Oh I definitely understand that the vast majority of touch screens are utter trash! But that's not to say that all are.
Understanding what lane I need to be in, and what the traffic conditions are up ahead around the bend; these things add to situational awareness that makes driving safer. But I'm just not going to use a shit GPS that I need to program an address by spinning a scroll wheel and individually selecting letters.
If you had a large touchscreen in your car, you wouldn't have to look down at a tiny phone screen to see these things. They would be in your peripheral vision and easily checked without losing track of the road.
Now I regularly move to the right and slow down long before approaching a traffic jam on the highway, versus the typical hard-brake when the traffic comes into view.
At an unfamiliar complex intersection (greater than 4-way), sometimes you can't figure out where the GPS wants you to go. A quick pinch-zoom before the light turns can give you the visual queue you need to avoid having to make a last minute decision as you enter the intersection. That's totally possible on the TM3 because it's instant, smooth, and fluid (and it's really great at automatically zooming back out to the right level as you start driving again).
And to give another anecdote, today on my drive home navigation was set to take me 'Home' (by the way that's two taps on the screen, and takes less than 1 second to activate as soon as you sit down in the car). I was on the highway in stop-and-go traffic with AutoPilot. My wife called and asks me to pickup takeout. I know it's too early to order, and traffic is terrible. I need to know how long to wait to order, so I tap the steering wheel control and use voice control to change the destination. Because it's internet connected, I can just speak the restaurant name and the town. It tells me the traffic-aware arrival ETA so I know when to place the order, and adjusts the route (taking an earlier exit). Unfortunately there's no single tap on screen to make the call - POIs don't have the phone numbers listed (yet)!
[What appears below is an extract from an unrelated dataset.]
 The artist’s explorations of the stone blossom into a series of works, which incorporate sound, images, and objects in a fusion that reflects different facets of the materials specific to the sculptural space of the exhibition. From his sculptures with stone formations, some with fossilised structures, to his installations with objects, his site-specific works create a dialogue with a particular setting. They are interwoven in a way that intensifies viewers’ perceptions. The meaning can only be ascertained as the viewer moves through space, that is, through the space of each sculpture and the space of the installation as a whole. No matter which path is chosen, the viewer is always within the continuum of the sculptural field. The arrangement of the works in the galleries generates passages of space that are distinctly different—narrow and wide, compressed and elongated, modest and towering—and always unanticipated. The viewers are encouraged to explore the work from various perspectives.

So I find that there are plenty of perfectly appropriate reasons to adjust navigation while driving, I just think very few people have experienced how a proper large touch-screen implementation can supplement and enhance your situational awareness and allow you to complete tasks safely and efficiently while underway. The is strictly better than the real-world alternative which is for people to try to complete these tasks using a phone-in-hand while they are also attempting to drive.
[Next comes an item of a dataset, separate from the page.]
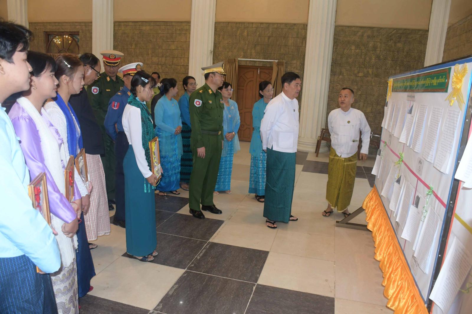 ယင်းနောက် ပြည်နယ်ဝန်ကြီးချုပ်နှင့်ဇနီး၊ တိုင်းမှူးနှင့်တာဝန်ရှိသူများသည် အခမ်းအနားသို့ တက်ရောက်လာကြသူများအား ရင်းရင်းနှီးနှီးတွေ့ဆုံနှုတ်ဆက်ကြပြီး စာစီစာကုံးပြိုင်ပွဲတွင် ဆုရရှိကြသူများ၏ စာစီစာကုံးစာမူများကို လှည့်လည်ကြည့်ရှုခဲ့ကြကြောင်း သတင်းရရှိသည်။

>At an unfamiliar complex intersection (greater than 4-way), sometimes you can't figure out where the GPS wants you to go. A quick pinch-zoom before the light turns can give you the visual queue you need to avoid having to make a last minute decision as you enter the intersection.
Seems like a usability problem. Google Maps displays what lanes go in what directions so you don't have to zoom in on the map and will speak it to you so you don't even have to look at your phone/Android Auto/etc.
It does show an icon representation of the intersection and which lane to be in. I just prefer zooming in, sometimes Boston intersections are quite complex.
You can tap on the bubble in the search results to display information about the place and it will have a call button there. Don't remember if it still has that bubble once you start navigating.
It is also supposed to give you POI info including the phone and working hours if you tap on any POI bubble on the screen, but it doesn't work for some reason.
> Sometimes that means interacting with the navigation interface while under way, whether it’s due to updating a route, checking for traffic, zooming in and out.
You shouldn't be fiddling with the navigation system while driving - you should do that while you're still in park. Even when I look down at my phone to see what lane I need to be in for a second, it's amazing how much distance passes when going at highway speeds. Unless you are using autopilot, it's dangerous to mess around with the map, and it's not that hard to pull over to do it, either.